We build in the Travis environment and just push results to Coverity. The Travis environment pulls in rdma-core and libnl, so in principle verbs/EFA/usnic should at least compile: https://github.com/ofiwg/libfabric/blob/main/.travis.yml#L10 https://github.com/ofiwg/libfabric/commit/b083456944f020a0d81241144b5dc381911afe8c

Maybe configure is silently dropping the providers, given the coverity build uses vanilla configure options. I can take a closer look later today.

shefty commented 3 years ago

Thanks - I'm trying to figure this out too. I would have thought the other providers would have at least built and have a valid report. I don't think psm3 requires external libraries.

rajachan commented 3 years ago

Like I mentioned in the call today, I couldn't figure out why some of them are not getting scanned. Looking at the list of providers that are being skipped, my suspicion is still that the configure is silently disabling them, so there's nothing to feed into the static analyzer. I'll send up a PR to explicitly enable providers that we can build in Travis and see if that does it. Unfortunately, we would have to merge that to main before we can see results.

github-actions[bot] commented 2 years ago

This issue is stale because it has been open 360 days with no activity. Remove stale label or comment, otherwise it will be closed in 7 days.

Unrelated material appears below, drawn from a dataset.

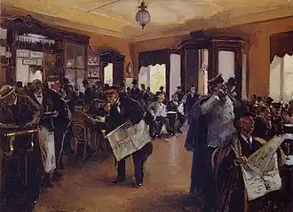 В 40-е годы XIX века в Петербурге открылась первая кофейня высшего разряда — «Доминик», сыскавшая популярность у всех сословий[84]. К началу XX века в городе открылось множество кофеен, часто располагавшихся рядом с местами гуляний[85]. На рубеже веков кофейни или на французский манер «кафе» приобрели статус фешенебельных заведений, всё больше приобретавших черты ресторанов, где помимо завтраков подавали обеды и ужины, устраивали концерты и бильярдные[89]. Большой популярностью также пользовались кондитерские, возникшие от конфетных лавок, но в которых можно было за отдельным столиком попробовать сладкие деликатесы[90]. Со временем между кофейнями и кондитерскими стиралась грань, так как и те и другие начали подавать сладости и кофе в своих заведениях[91]. В середине XIX века на волне моды на кондитерские этим названием стали обозначать себя многие стремившиеся повысить свою респектабельность трактиры, внося всё большею неопределённость в изначальный смысл названия[92]. Позже многие бывшие кондитерские перепрофилировались в «кафе-рестораны», чтобы подавать также горячие кушания и алкоголь, такие заведения в шутку называли «кафе-харчевнями»[93].

timothom64 commented 2 years ago

I just checked the last covarity can here: https://scan.coverity.com/projects/ofiwg-libfabric

PSM2 is not being scanned, Opx is. There isn't much development going on with PSM2 atm, but eventually we should add it to things being scanned, as it will still be supported for some time.

shefty commented 2 years ago

I can add it to the scan if someone will focus on fixing the issues.

github-actions[bot] commented 1 year ago

This issue is stale because it has been open 360 days with no activity. Remove stale label or comment, otherwise it will be closed in 7 days.